Perhaps we should make exceptions when it suits us. Except the need for exceptions never ceases if such an attitude is adopted. The grand juror who is bring suit against the District Attorney is doing so not for the cause of justice or even it its name. But rather an individual who has some emotional need to open up on the subject of the presentation of the evidence to that grand jury. We do not allow lawyers to serve on grand juries for a very good reason and that is conflict in interest. The individual who is bringing suit has no legal training, no understanding of the law in all its implications, so just what can this individual say that would shed light on the grand jury procedures? Now much of the evidence and the various testimonies have been made public.

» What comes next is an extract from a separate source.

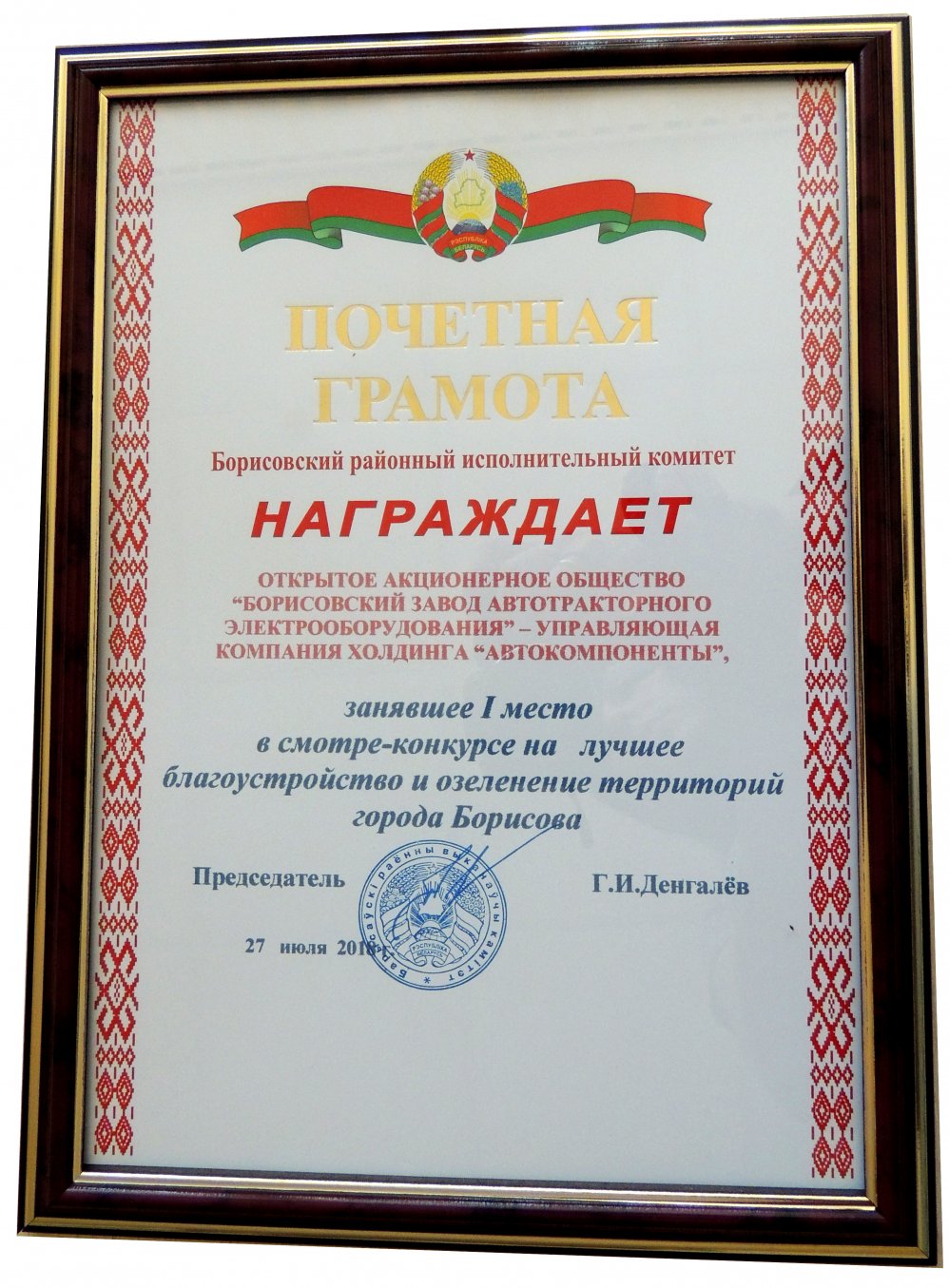 Всего в этом году в смотре-конкурсе приняли более 40 борисовских предприятий и организаций. Победители были объявлены на заседании райисполкома в конце июля. Первое место присуждено ОАО «БАТЭ» – управляющей компании холдинга «Автокомпоненты».

But beyond that, what else is there to debate? You think McCulloch’s handling of the case is suspect? Maybe so, but is a grand jury member the one to be in judgment of the handling? What new insight is to be gained? And even if Darren Wilson had been indicted and brought to trail, and that trial would occur many years in the future, it would not be speedy in the rush to judgment many in the public demand, that opens up another can of worms. After all, where would such a trial be held? We must assure that it would be a fair trial. Would all prospective black jurors be challenges as biased against the defendant? That is a very valid point when we consider the defendant’s right to a fair trial. In fact, due to the nature of the news coverage we might never be sure that a fair trial could be held. So how does this former grand juror feel that speaking about the procedures will help with the so called racial divide? It’s only a racial divide because the leaders of institutional race baiting have made it an issue that inflames the emotions and not the understandings of so many unthinking people. The only thing that is to be served is that grand juror’s personal vanity and with to become infamous in the history of racism. And yes, it is racism of the worst kind.